Your goal: Output only the lines below from the one containing "Contoh Surat Wakil" to the one containing "Bracelet Multi Trèfles", exactly as written, both ends kept.

Source records:
::::::

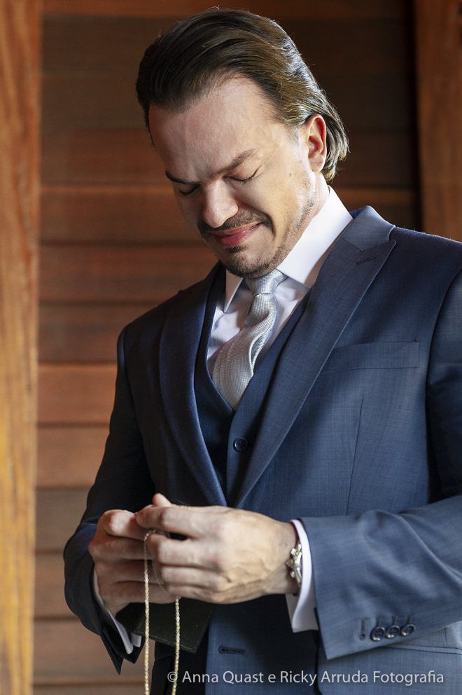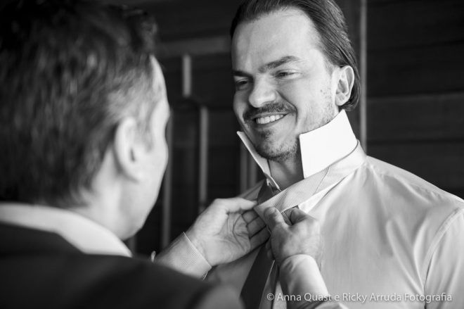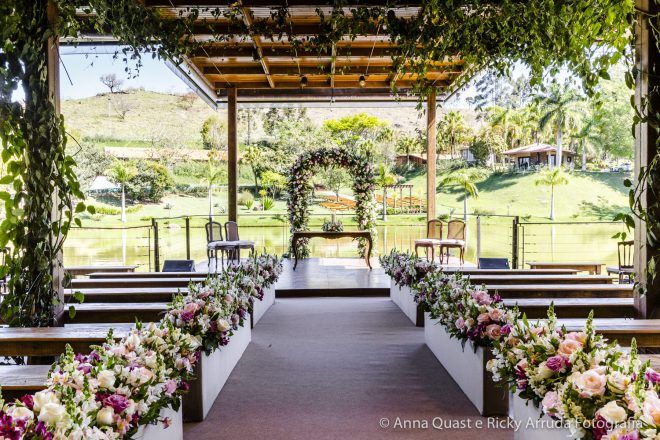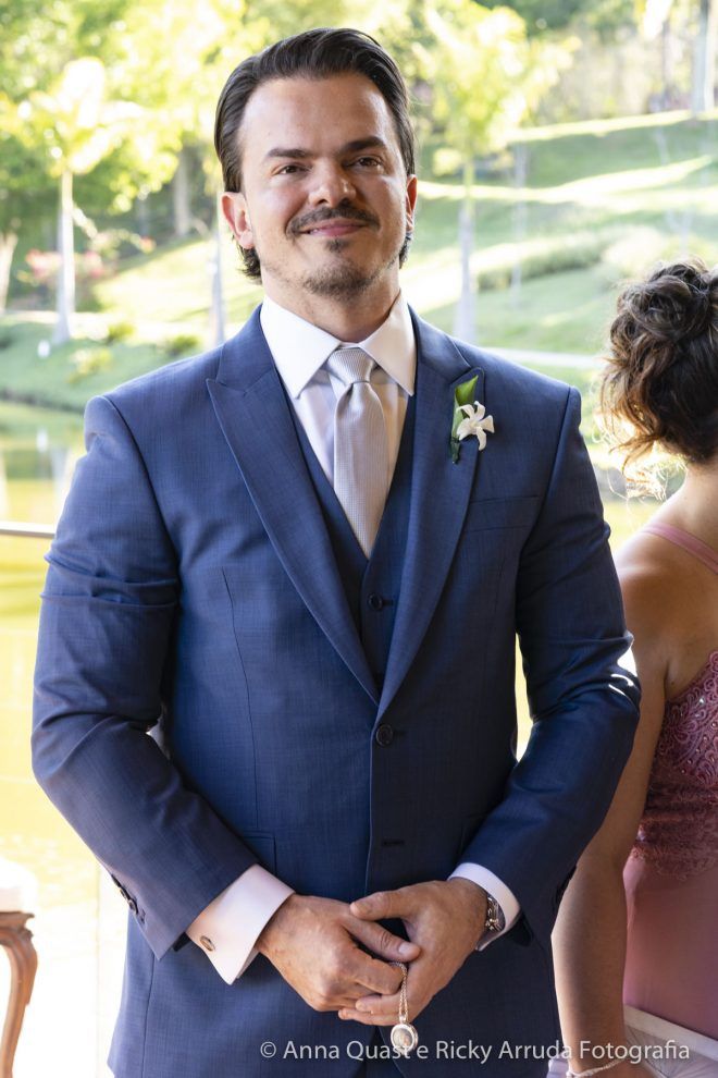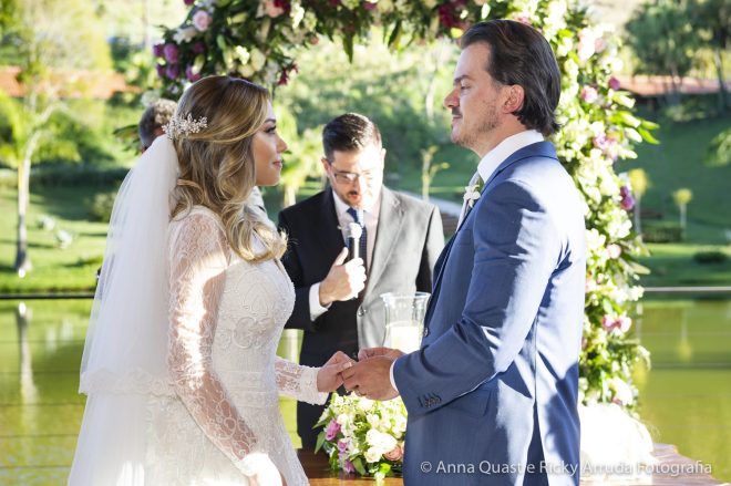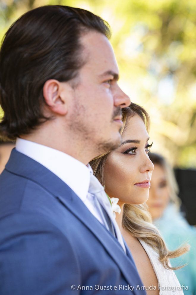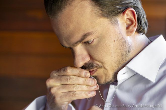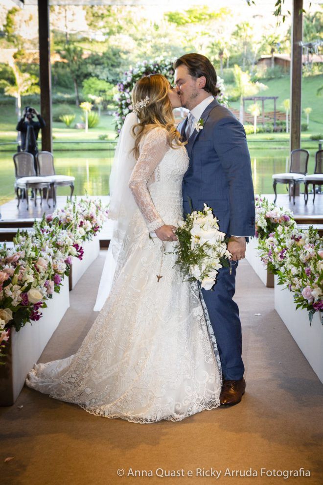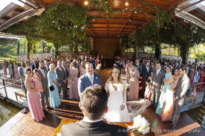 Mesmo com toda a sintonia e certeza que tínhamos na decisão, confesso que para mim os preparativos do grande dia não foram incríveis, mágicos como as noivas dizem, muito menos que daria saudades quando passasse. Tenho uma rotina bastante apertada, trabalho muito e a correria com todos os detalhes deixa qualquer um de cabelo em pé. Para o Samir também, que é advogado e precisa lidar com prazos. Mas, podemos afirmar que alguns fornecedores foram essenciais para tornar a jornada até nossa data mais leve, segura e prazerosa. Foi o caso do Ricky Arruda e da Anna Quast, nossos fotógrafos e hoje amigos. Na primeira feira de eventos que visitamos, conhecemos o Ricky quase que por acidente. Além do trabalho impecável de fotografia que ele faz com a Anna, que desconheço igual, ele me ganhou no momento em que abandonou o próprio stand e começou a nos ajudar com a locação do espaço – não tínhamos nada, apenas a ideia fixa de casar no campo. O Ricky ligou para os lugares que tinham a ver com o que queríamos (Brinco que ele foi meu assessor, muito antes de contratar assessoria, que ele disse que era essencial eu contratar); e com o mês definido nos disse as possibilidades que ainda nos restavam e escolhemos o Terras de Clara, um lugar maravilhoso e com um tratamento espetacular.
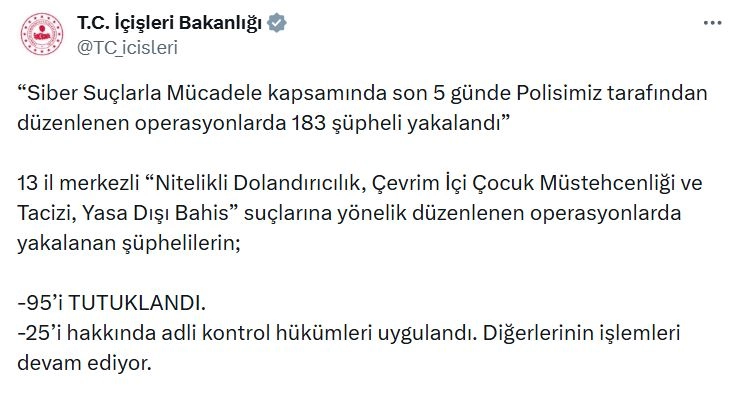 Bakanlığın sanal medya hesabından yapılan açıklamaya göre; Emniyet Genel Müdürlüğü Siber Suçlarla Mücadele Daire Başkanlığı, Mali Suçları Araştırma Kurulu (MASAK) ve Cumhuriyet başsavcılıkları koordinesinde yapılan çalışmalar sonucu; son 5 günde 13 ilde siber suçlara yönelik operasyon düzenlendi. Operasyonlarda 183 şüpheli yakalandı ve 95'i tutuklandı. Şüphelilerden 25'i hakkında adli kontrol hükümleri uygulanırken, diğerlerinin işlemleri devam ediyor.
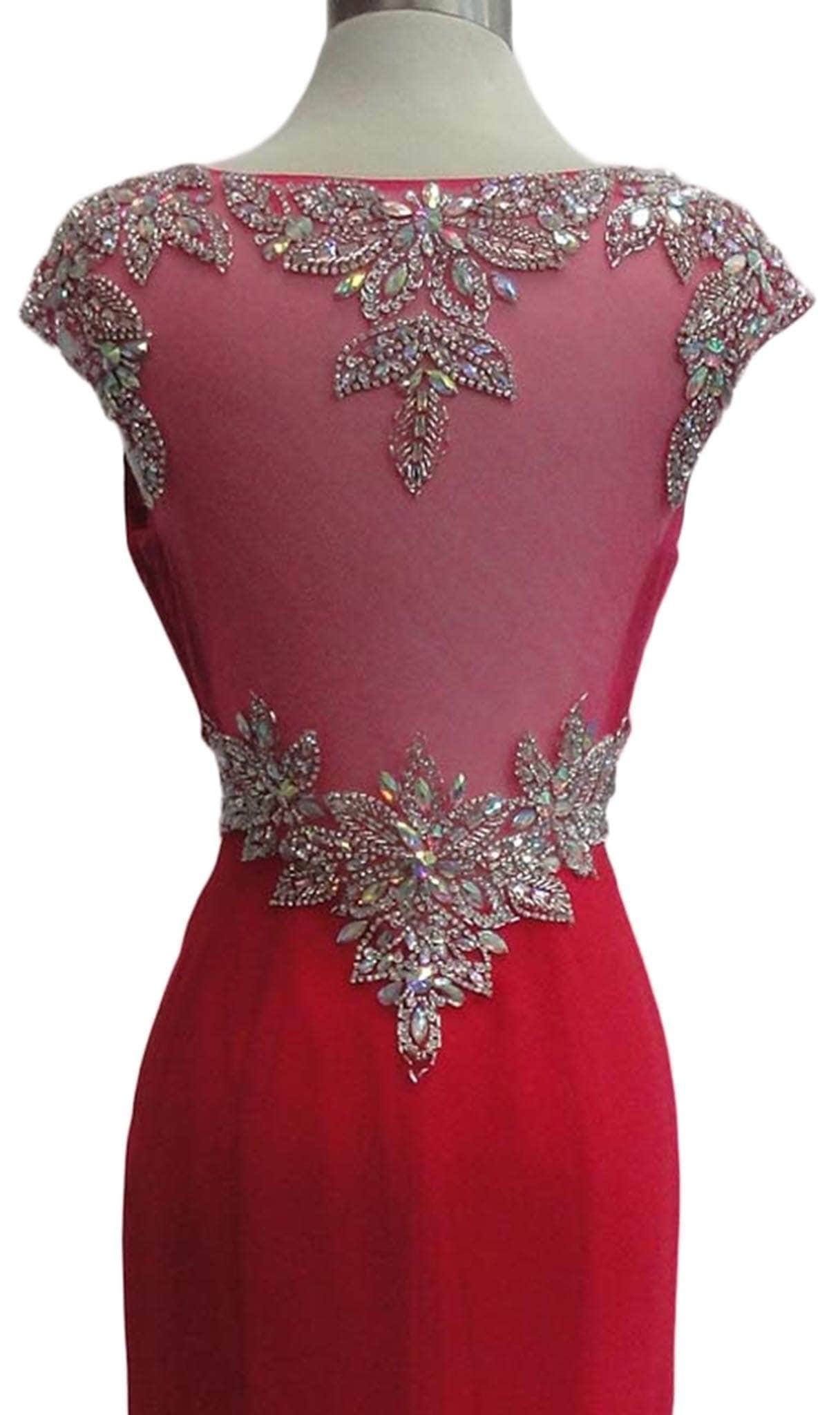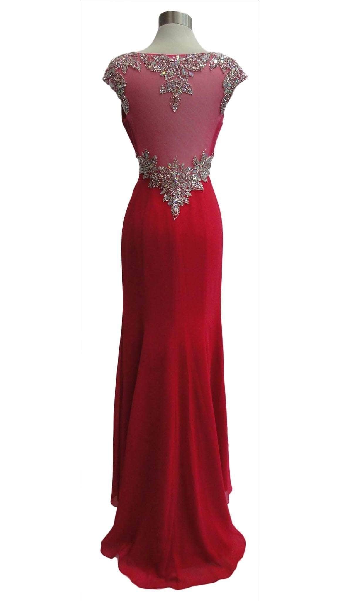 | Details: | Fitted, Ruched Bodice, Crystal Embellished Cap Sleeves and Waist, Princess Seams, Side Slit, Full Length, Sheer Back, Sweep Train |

::::::

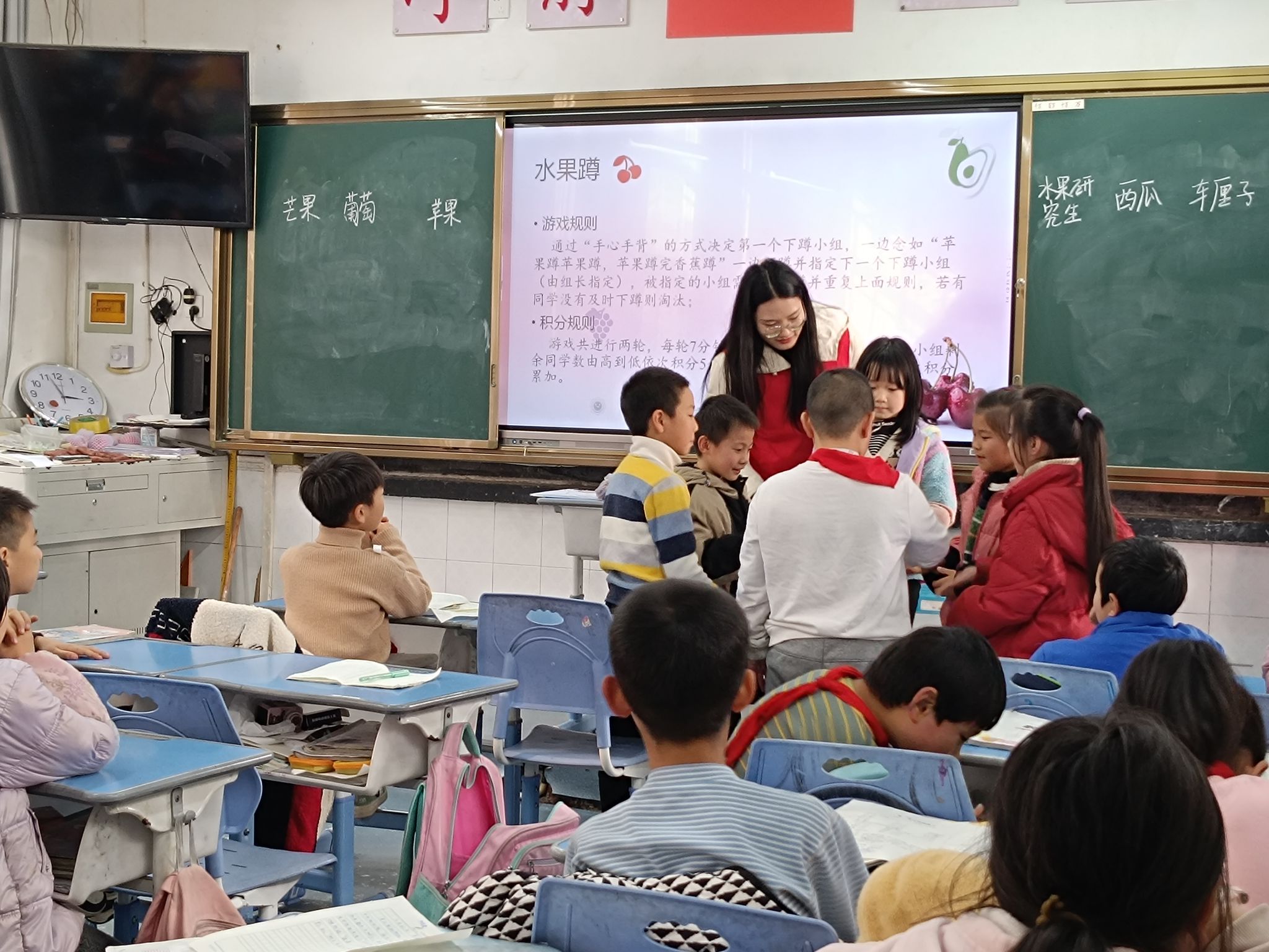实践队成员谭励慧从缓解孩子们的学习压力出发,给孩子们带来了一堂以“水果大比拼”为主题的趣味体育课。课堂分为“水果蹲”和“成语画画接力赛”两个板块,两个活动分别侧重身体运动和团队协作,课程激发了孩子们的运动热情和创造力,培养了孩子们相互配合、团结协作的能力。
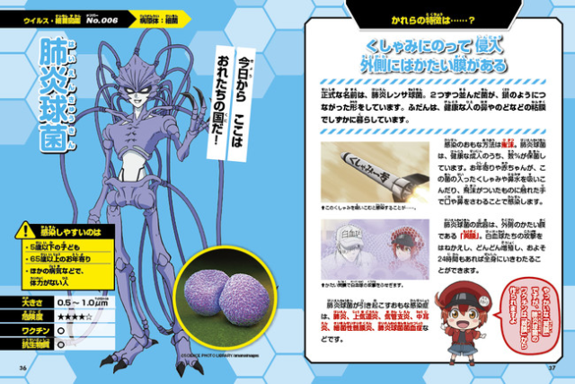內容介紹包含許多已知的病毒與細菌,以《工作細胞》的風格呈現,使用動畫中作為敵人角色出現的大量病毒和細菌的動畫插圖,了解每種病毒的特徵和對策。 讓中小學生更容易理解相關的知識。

::::::

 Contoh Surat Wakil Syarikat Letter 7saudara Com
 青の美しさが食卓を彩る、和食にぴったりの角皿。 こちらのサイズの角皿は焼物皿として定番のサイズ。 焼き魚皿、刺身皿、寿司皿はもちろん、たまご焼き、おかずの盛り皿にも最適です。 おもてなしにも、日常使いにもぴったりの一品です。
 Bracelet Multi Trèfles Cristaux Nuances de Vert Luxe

::::::

Task solution:
 Contoh Surat Wakil Syarikat Letter 7saudara Com
 青の美しさが食卓を彩る、和食にぴったりの角皿。 こちらのサイズの角皿は焼物皿として定番のサイズ。 焼き魚皿、刺身皿、寿司皿はもちろん、たまご焼き、おかずの盛り皿にも最適です。 おもてなしにも、日常使いにもぴったりの一品です。
 Bracelet Multi Trèfles Cristaux Nuances de Vert Luxe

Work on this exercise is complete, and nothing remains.